:: Your assignment ::
Retype, word for word, every line from the one holding "这种新体验旨在与今天的Git存储库一起使用 - 无论是本地存储库还是GitHub,Azure" through the one holding "フレアワンピース フレアワンピース ロング丈" in the entries below, both included, and only those lines.
**** Data records ****
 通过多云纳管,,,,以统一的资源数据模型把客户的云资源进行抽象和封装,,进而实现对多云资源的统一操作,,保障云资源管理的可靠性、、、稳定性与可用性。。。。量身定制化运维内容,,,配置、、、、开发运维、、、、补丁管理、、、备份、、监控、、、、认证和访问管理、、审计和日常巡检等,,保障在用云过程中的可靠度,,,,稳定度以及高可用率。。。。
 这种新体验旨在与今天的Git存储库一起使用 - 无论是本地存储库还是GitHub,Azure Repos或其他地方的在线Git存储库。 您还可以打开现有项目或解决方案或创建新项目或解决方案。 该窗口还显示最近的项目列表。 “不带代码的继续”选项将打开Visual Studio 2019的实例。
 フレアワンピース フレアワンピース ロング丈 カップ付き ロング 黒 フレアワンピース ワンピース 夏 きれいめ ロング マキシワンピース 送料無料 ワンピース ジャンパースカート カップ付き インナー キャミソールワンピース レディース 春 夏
****
**** Data records ****
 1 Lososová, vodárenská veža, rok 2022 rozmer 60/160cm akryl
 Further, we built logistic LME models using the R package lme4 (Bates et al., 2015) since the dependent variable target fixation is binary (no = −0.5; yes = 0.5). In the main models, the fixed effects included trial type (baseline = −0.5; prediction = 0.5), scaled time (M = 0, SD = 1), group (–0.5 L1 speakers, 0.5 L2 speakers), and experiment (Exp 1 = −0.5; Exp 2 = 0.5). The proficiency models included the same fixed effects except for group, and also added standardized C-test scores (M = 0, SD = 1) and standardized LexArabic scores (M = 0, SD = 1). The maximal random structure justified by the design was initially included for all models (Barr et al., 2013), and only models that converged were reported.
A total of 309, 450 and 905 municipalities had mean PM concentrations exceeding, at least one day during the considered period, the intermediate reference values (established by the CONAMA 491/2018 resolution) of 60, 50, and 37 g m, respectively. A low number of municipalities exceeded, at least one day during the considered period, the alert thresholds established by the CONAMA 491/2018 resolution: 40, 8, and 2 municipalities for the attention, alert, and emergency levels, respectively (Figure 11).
****
:: Task answer ::
 这种新体验旨在与今天的Git存储库一起使用 - 无论是本地存储库还是GitHub,Azure Repos或其他地方的在线Git存储库。 您还可以打开现有项目或解决方案或创建新项目或解决方案。 该窗口还显示最近的项目列表。 “不带代码的继续”选项将打开Visual Studio 2019的实例。
 フレアワンピース フレアワンピース ロング丈 カップ付き ロング 黒 フレアワンピース ワンピース 夏 きれいめ ロング マキシワンピース 送料無料 ワンピース ジャンパースカート カップ付き インナー キャミソールワンピース レディース 春 夏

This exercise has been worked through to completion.